▸ **Data section**:
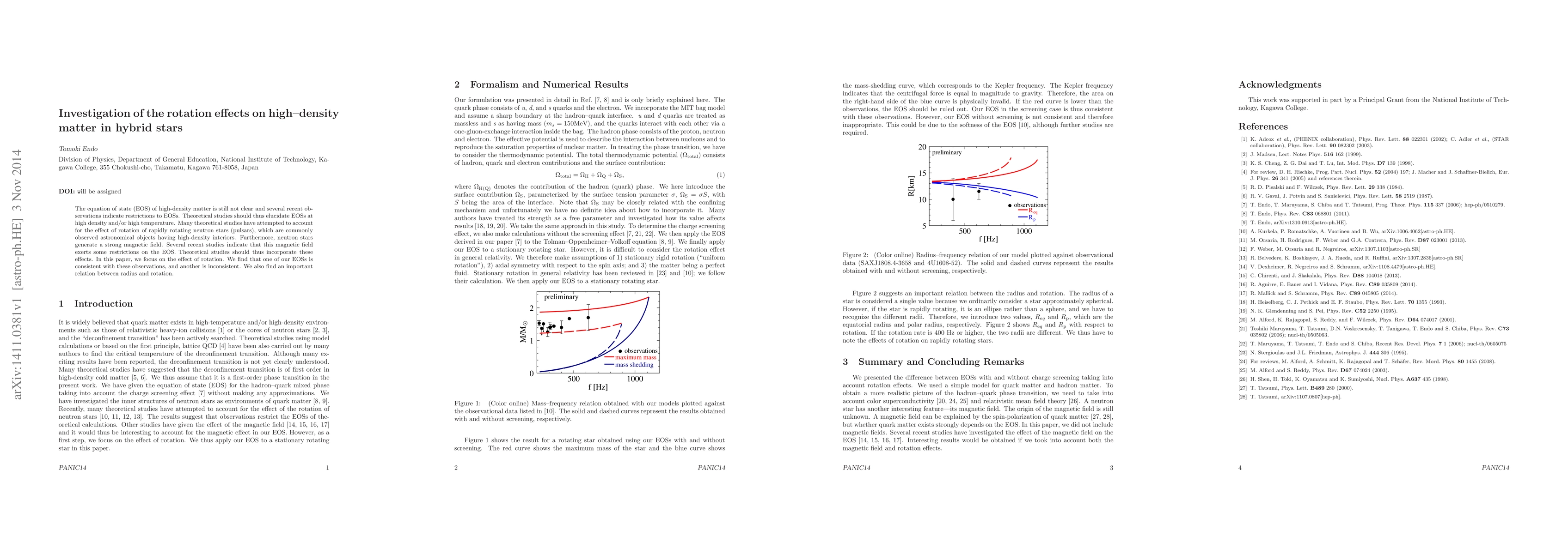 The equation of state (EOS) of high-density matter is still not clear and several recent observations indicate restrictions to EOSs. Theoretical studies should thus elucidate EOSs at high density and/or high temperature. Many theoretical studies have attempted to account for the effect of rotation of rapidly rotating neutron stars (pulsars), which are commonly observed astronomical objects having high-density interiors. Furthermore, neutron stars generate a strong magnetic field. Several recent studies indicate that this magnetic field exerts some restrictions on the EOS. Theoretical studies should thus incorporate these effects. In this paper, we focus on the effect of rotation. We find that one of our EOSs is consistent with these observations, and another is inconsistent. We also find an important relation between radius and rotation.
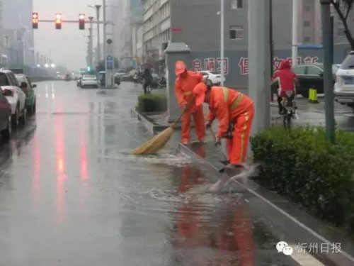 《創(chuàng)衛(wèi)先鋒》,街頭的環(huán)衛(wèi)工人冒雨工作,大雨中最美麗的身影。(班博然 攝)
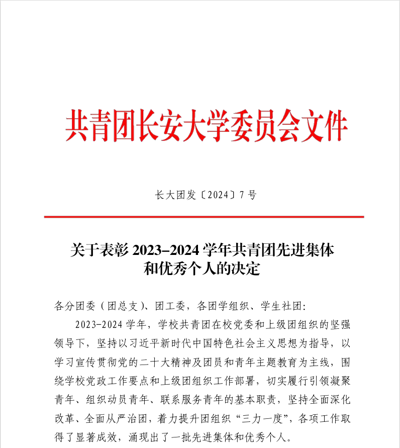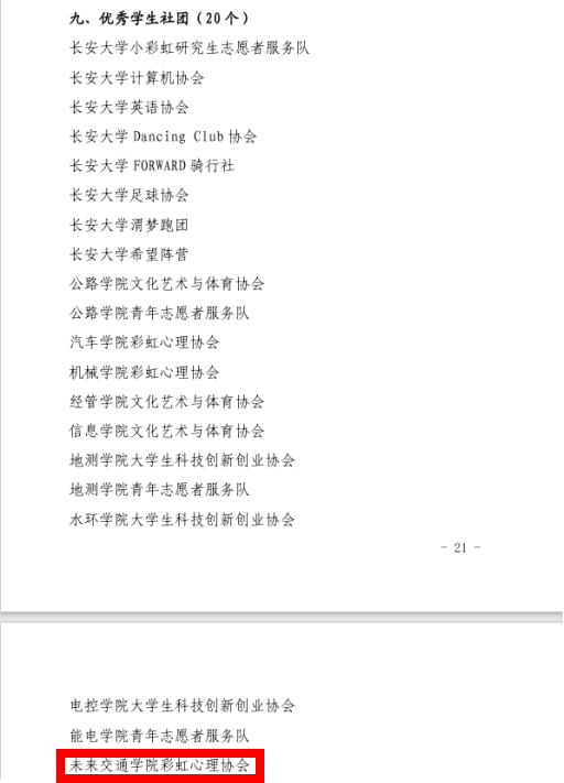 2023-2024学年共青团先进集体、优秀个人的通知》文件精神和工作要求,经过材料申报、考核评定等环节,未来交通学院彩虹心理协会荣获2023-2024学年“优秀学生社团”荣誉称号。

▸ **What you need to do**:
Everything in the listing must be restated word for word, except for the pictures.

▸ **Answer for the task**:
 The equation of state (EOS) of high-density matter is still not clear and several recent observations indicate restrictions to EOSs. Theoretical studies should thus elucidate EOSs at high density and/or high temperature. Many theoretical studies have attempted to account for the effect of rotation of rapidly rotating neutron stars (pulsars), which are commonly observed astronomical objects having high-density interiors. Furthermore, neutron stars generate a strong magnetic field. Several recent studies indicate that this magnetic field exerts some restrictions on the EOS. Theoretical studies should thus incorporate these effects. In this paper, we focus on the effect of rotation. We find that one of our EOSs is consistent with these observations, and another is inconsistent. We also find an important relation between radius and rotation.
 《創(chuàng)衛(wèi)先鋒》,街頭的環(huán)衛(wèi)工人冒雨工作,大雨中最美麗的身影。(班博然 攝)
 2023-2024学年共青团先进集体、优秀个人的通知》文件精神和工作要求,经过材料申报、考核评定等环节,未来交通学院彩虹心理协会荣获2023-2024学年“优秀学生社团”荣誉称号。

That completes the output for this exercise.